当序列长度是变化的时候,上面的方法不可行,解决方法是创建一个 权值矩阵去“mask out”那些padded的位置。
如果用 tf.sign(y)
来创建mask的话,也会把0-class处理掉。 我们也可以用序列长度信息,但是会变得更加复杂。
# Batch size
B = 4
# (Maximum) number of time steps in this batch
T = 8
RNN_DIM = 128
NUM_CLASSES = 10
# The *acutal* length of the examples
example_len = [1, 2, 3, 8]
# The classes of the examples at each step (between 1 and 9, 0 means padding)
y = np.random.randint(1, 10, [B, T])
for i, length in enumerate(example_len):
y[i, length:] = 0
# The RNN outputs
rnn_outputs = tf.convert_to_tensor(np.random.randn(B, T, RNN_DIM), dtype=tf.float32)
# Output layer weights
W = tf.get_variable(
name="W",
initializer=tf.random_normal_initializer(),
shape=[RNN_DIM, NUM_CLASSES])
# Calculate logits and probs
# Reshape so we can calculate them all at once
rnn_outputs_flat = tf.reshape(rnn_outputs, [-1, RNN_DIM])
logits_flat = tf.batch_matmul(rnn_outputs_flat, W)

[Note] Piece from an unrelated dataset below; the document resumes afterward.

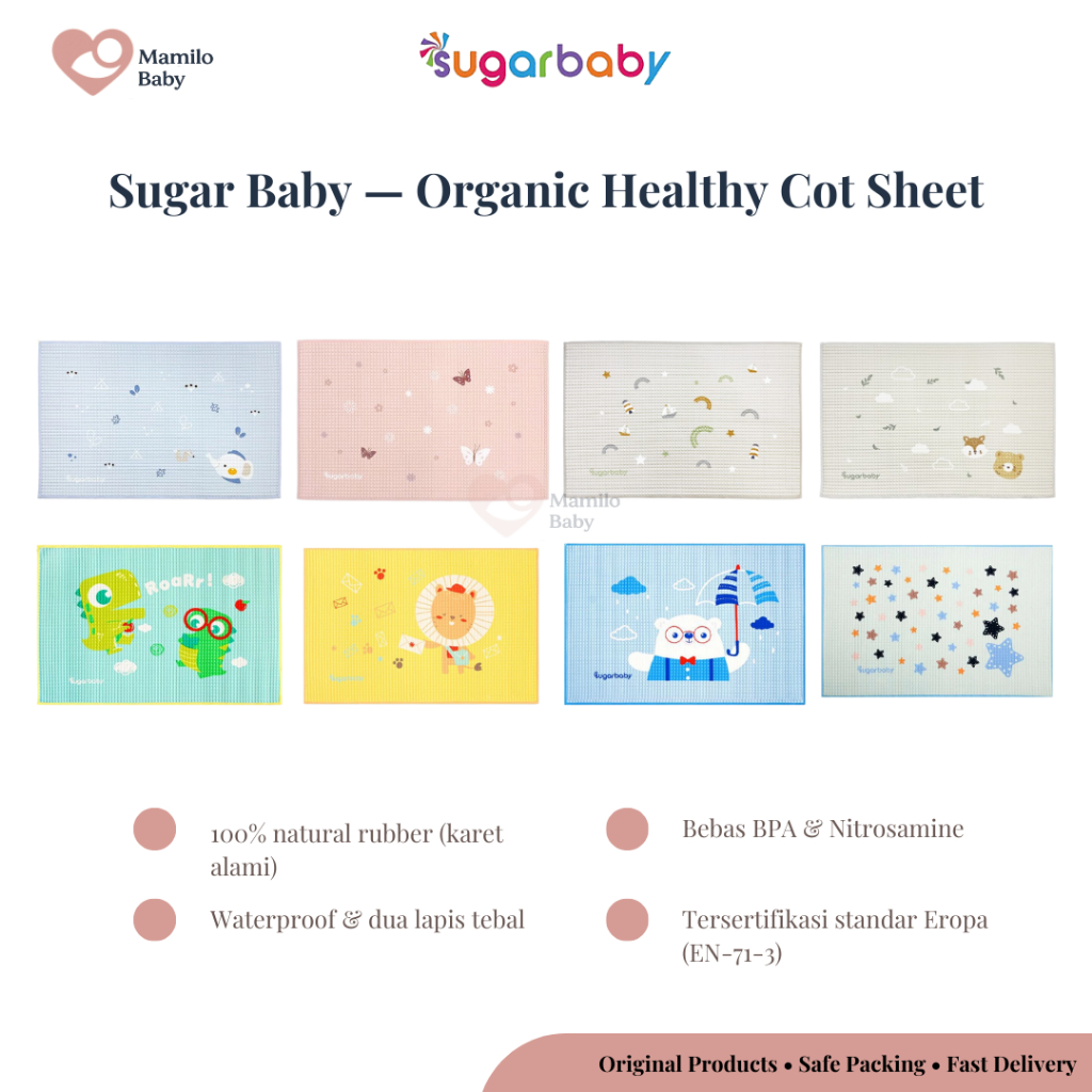 Sugar Baby Organic Healthy Cot Sheet 90×60 cm / Perlak Karet Organik Waterproof / Perlak Bayi (BANYAK MOTIF)

probs_flat = tf.nn.softmax(logits_flat)
# Calculate the losses
y_flat = tf.reshape(y, [-1])
losses = tf.nn.sparse_softmax_cross_entropy_with_logits(logits_flat, y_flat)
# Mask the losses
mask = tf.sign(tf.to_float(y_flat))
masked_losses = mask * losses
# Bring back to [B, T] shape
masked_losses = tf.reshape(masked_losses, tf.shape(y))
# Calculate mean loss
mean_loss_by_example = tf.reduce_sum(masked_losses, reduction_indices=1) / example_len
mean_loss = tf.reduce_mean(mean_loss_by_example)